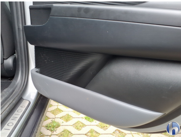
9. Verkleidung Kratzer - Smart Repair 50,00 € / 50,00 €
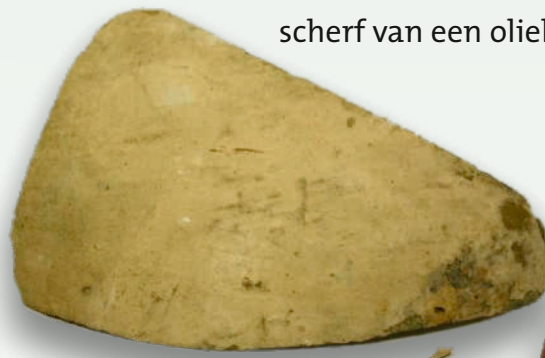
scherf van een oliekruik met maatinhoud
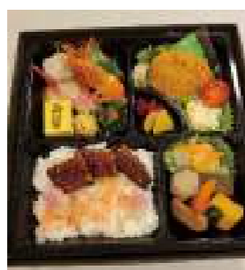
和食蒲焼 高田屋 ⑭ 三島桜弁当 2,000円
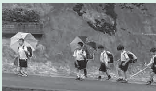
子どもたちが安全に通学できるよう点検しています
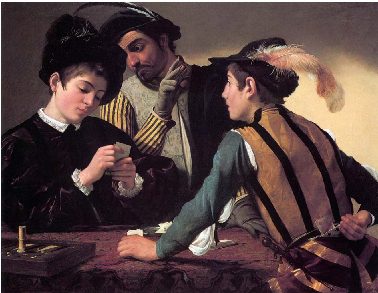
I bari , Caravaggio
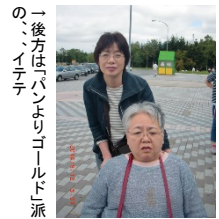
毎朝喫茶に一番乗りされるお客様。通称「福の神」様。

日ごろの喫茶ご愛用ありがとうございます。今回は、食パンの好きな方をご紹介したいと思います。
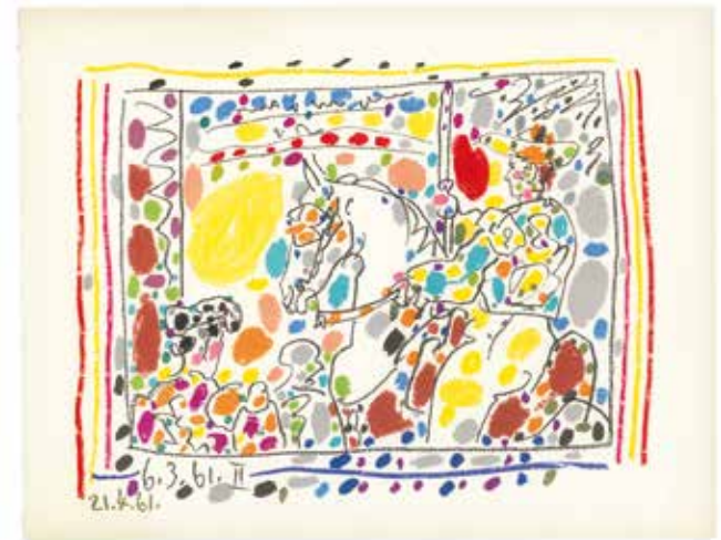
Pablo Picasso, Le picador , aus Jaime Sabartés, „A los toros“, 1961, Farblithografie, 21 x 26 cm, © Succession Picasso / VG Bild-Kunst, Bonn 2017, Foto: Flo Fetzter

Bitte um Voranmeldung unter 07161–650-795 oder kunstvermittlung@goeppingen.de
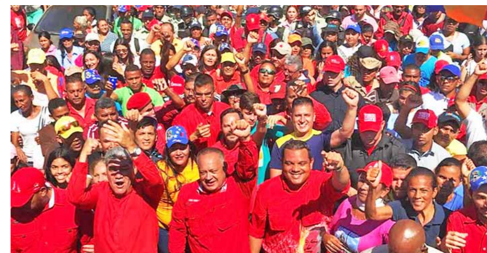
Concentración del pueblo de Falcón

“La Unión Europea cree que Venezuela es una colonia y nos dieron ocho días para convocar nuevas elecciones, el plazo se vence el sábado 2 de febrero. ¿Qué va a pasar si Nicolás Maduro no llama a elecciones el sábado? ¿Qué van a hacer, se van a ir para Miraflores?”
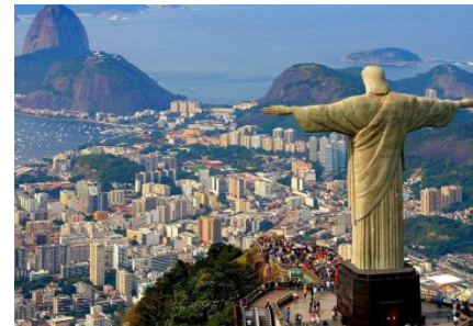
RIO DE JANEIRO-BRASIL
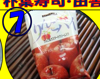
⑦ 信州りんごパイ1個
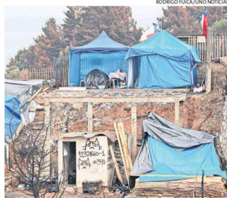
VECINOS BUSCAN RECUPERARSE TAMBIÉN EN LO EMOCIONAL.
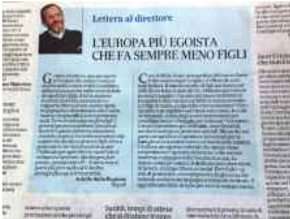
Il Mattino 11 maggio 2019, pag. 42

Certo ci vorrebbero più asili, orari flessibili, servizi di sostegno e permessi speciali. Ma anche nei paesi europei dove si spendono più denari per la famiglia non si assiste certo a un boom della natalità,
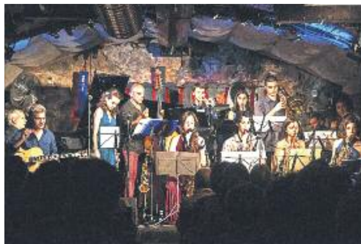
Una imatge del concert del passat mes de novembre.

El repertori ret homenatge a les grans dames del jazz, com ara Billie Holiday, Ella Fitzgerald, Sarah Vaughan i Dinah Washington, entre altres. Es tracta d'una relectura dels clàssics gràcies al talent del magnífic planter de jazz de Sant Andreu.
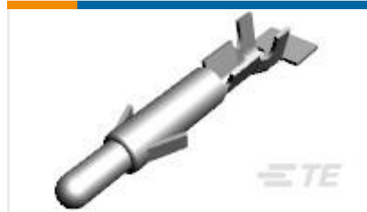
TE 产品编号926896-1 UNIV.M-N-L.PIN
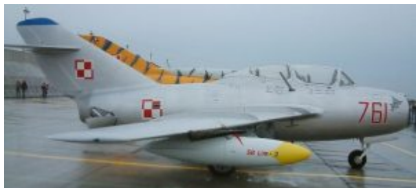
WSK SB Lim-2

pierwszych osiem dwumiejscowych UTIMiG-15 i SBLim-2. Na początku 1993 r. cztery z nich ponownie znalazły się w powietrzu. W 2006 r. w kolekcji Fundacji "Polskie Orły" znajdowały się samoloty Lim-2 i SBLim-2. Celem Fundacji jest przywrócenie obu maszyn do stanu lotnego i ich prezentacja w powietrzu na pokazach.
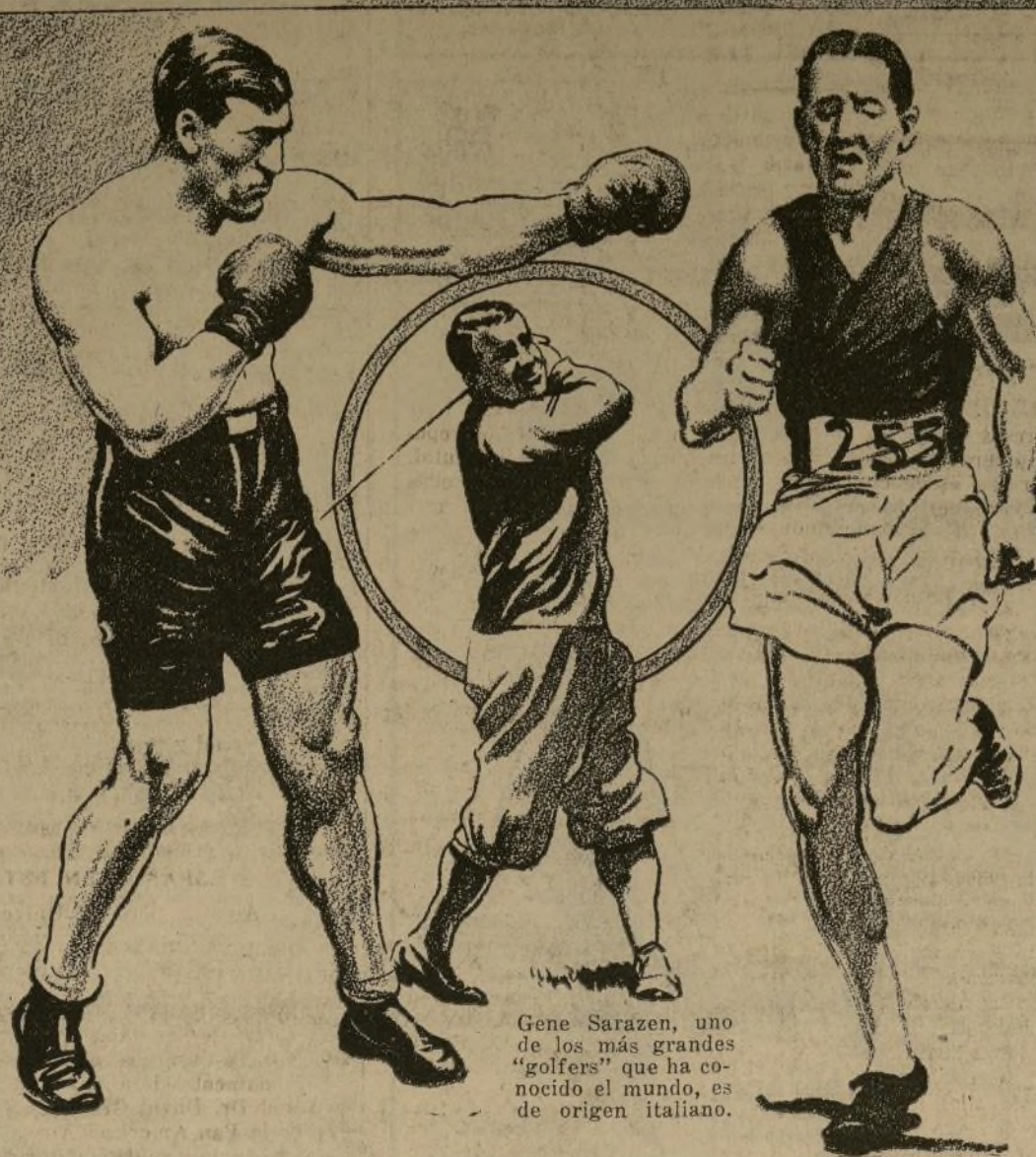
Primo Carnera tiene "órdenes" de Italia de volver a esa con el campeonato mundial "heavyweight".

★ ★ ★ ★

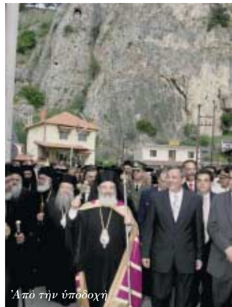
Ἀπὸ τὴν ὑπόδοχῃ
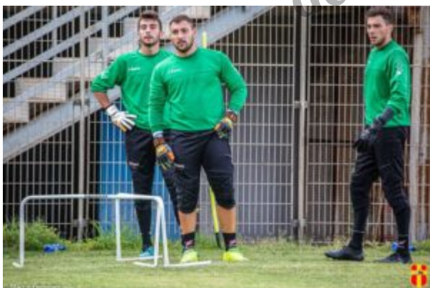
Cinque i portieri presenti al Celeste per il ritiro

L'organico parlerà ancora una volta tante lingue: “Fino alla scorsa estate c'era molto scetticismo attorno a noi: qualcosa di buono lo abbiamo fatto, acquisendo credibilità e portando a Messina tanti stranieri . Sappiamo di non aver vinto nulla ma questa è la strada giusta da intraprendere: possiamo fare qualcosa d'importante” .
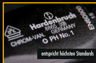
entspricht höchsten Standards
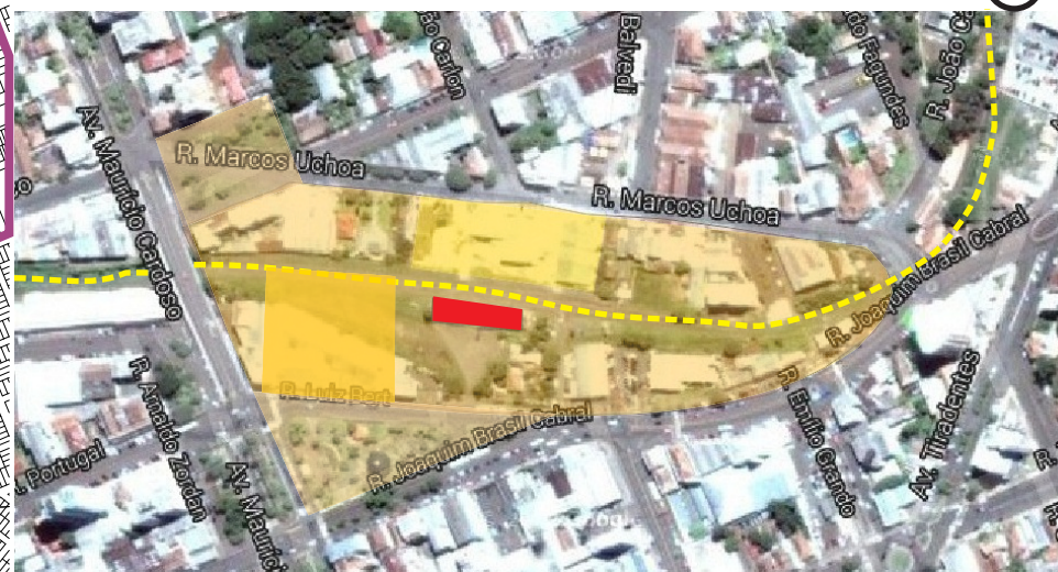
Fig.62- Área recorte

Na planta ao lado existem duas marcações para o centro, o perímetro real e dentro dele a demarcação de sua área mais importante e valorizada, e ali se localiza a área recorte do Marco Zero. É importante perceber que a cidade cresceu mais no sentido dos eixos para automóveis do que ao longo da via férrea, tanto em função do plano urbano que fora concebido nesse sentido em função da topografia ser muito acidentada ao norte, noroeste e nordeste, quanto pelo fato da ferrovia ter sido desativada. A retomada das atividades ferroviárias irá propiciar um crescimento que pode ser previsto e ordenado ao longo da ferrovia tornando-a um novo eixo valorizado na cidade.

★ ★ ★ ★

> [What is required]: Above, find the line holding "9. Verkleidung Kratzer" and the line holding "Concentración del pueblo de Falcón". Print exactly those two lines and every line between them, but no pictures.

> [Written response]:
9. Verkleidung Kratzer - Smart Repair 50,00 € / 50,00 €
scherf van een oliekruik met maatinhoud
和食蒲焼 高田屋 ⑭ 三島桜弁当 2,000円
子どもたちが安全に通学できるよう点検しています
I bari , Caravaggio
毎朝喫茶に一番乗りされるお客様。通称「福の神」様。

日ごろの喫茶ご愛用ありがとうございます。今回は、食パンの好きな方をご紹介したいと思います。
Pablo Picasso, Le picador , aus Jaime Sabartés, „A los toros“, 1961, Farblithografie, 21 x 26 cm, © Succession Picasso / VG Bild-Kunst, Bonn 2017, Foto: Flo Fetzter

Bitte um Voranmeldung unter 07161–650-795 oder kunstvermittlung@goeppingen.de
Concentración del pueblo de Falcón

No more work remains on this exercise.